La fiscalité écologique continue d'agiter le gouvernement  La taxation des poids lourds étrangers semble inapplicable et ne résout aucun problème de fond.


Michel Sapin a déclaré, lundi 20 octobre, que si une vignette était imposée aux poids lourds pour compenser l'écotaxe, il fallait qu'elle le soit « à tous les camions quelle que soit leur origine » et non aux seuls véhicules étrangers, hypothèse évoquée, la veille, par Ségolène Royal. « Mettre en place un système de vignette à l'entrée, oui, mais bien entendu pour tous les camions quelle que soit leur origine », a dit le ministre des finances sur France Info.

« En Europe on ne taxe pas un camion étranger parce qu'il est étranger », a affirmé M. Sapin, interrogé sur une possibilité évoquée dimanche par la ministre de l'écologie, Ségolène Royal, pour compenser le manque à gagner né de l'abandon de l'écotaxe.

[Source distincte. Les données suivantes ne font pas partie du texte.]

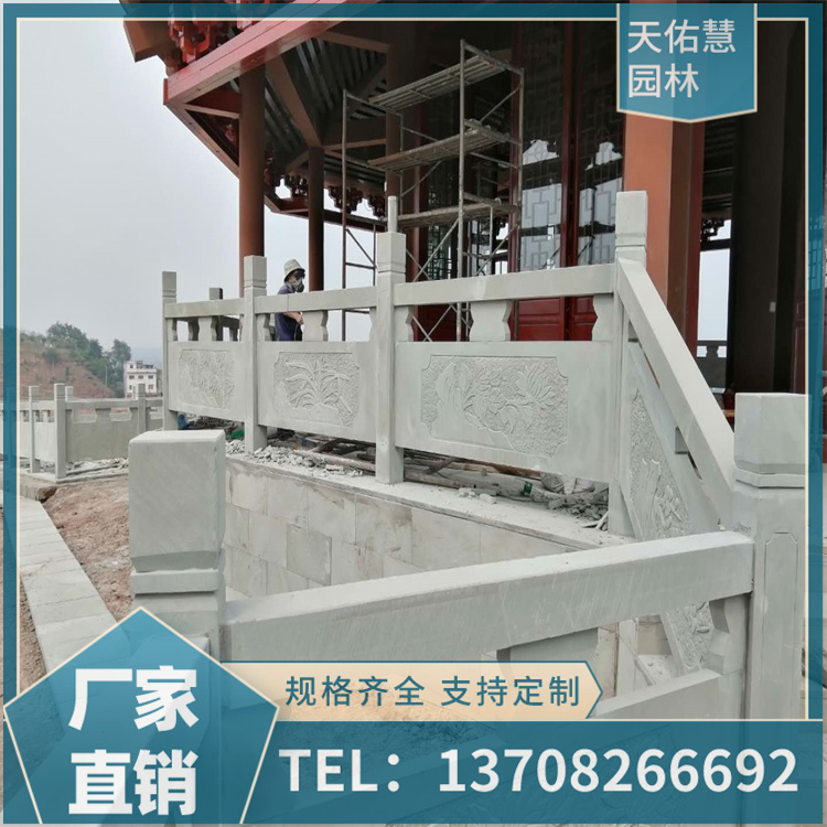 青石欄桿是由外形美觀的立柱和鑲嵌圖案按一定間隔(距離)排成柵欄狀的構(gòu)筑物。在園林環(huán)境中起到安全防護(hù)、隔離和裝飾美化、隔窨的作用。其圖案也有裝飾意義,因此處理好隔離和美化的關(guān)系,是欄桿設(shè)計(jì)成功的關(guān)鍵。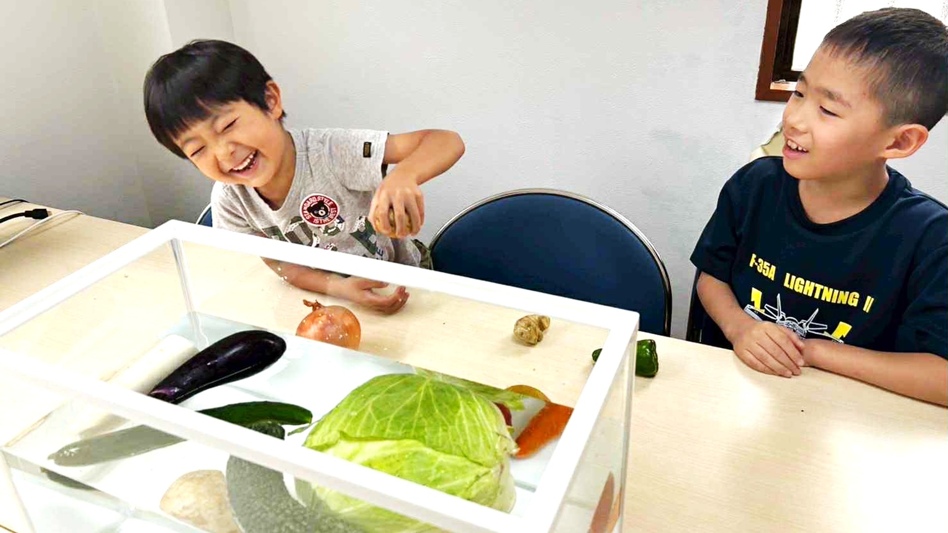 さまざまな野菜を水槽にいれて、浮くものと沈むものに分けよう!浮く野菜と沈むやさい、それぞれどんな特徴があったかな?

Ségolène Royal, la ministre de l'écologie, a évoqué, dimanche, sur BFM-TV, la possibe imposition d'une vignette pour les poids lourds étrangers transitant sur le territoire français pour financer le manque à gagner de la suppression de l'écotaxe. La ministre de l'écologie a rappelé qu'une partie de l'argent manquant serait financé par une hausse du prix du gazole (4 centimes par litre) pour les transporteurs routiers français dont ils devaient initialement être exonérés à l'entrée en vigueur début 2015 de l'écotaxe, supprimée le 9 octobre. Selon elle, « comme le prix du gazole est au plus bas, cette taxe sera à peine ressentie » par les transporteurs.

« Restera à régler le problème des camions étrangers », a-t-elle reconnu, en citant l'exemple d'un poids lourd qui « fait son plein en Belgique, traverse toute la France pour arriver en Espagne sans avoir payé la taxe sur le gazole, ce qui n'est pas juste ». « On regarde si ce sera une vignette ou une interdiction de prendre les routes nationales avec obligation d'emprunter les autoroutes », a-t-elle dit, en admettant que sa « préférence c'[était] ce qui sera[it] juste et efficace ». « Il n'y a pas l'écotaxe ou rien, il faut trouver l'argent [environ 400 millions d'euros devant servir à financer les infrastructures de transport] et que ça ne retombe pas sur les Français, et suivre le principe “usagers-payeurs” », a-t-elle déclaré en soulignant que les camions qui endommagent davantage les routes que d'autres véhicules devaient financer leur entretien.

Mme Royal a assuré aussi au passage vouloir « renforcer le fret ferroviaire » et a plaidé pour la création des autoroutes de la mer.

En ce qui concerne la société Ecomouv', « il faut trouver des solutions », a martelé Mme Royal, qui s'est déjà dite prête la semaine passée à aller « jusqu'au contentieux » judiciaire pour revoir les conditions du contrat « exorbitant » avec la société italienne, qui a investi entre 800 millions et 1 milliard d'euros. « Nous sommes en train de regarder juridiquement ce qui nous engage ou non », a-t-elle précisé sur BFM-TV, affirmant vouloir « s'impliquer personnellement pour trouver des solutions pour les salariés » de l'entreprise.

Ecomouv' est une filiale entre l'italien Autostrade, qui détient 70 % du capital, et les Français Thales (11 %), SNCF (10 %), SFR (6 %) et Steria (3 %). La société sise à Metz emploie 200 salariés et quelque 130 fonctionnaires des douanes, recrutés pour la plupart entre 2012 et 2013 pour assurer le recouvrement de la taxe.

« Je ne porte pas de jugement sur cette vignette. C'est intéressant pour compenser la perte de l'écotaxe, mais ça ne fera pas oublier le fait qu'on ait arrêté ce système-là, jeté avec pertes et fracas. On ne fera pas l'économie d'un débat sur la fiscalité écologique », a déclaré lundi Emmanuelle Cosse, secrétaire nationale d'Europe Ecologie-Les Verts sur France 2. « Cette vignette a un intérêt, mettre les transporteurs européens au même niveau que les transporteurs français », a observé Mme Cosse. Mais « nous regrettons que l'on mette à mal le principe de la fiscalité écologique, ce principe simple : ceux qui polluent doivent payer », a-t-elle insisté, soulignant qu'en Allemagne « il y a une véritable écotaxe et elle rapporte par an 4,3 milliards d'euros ».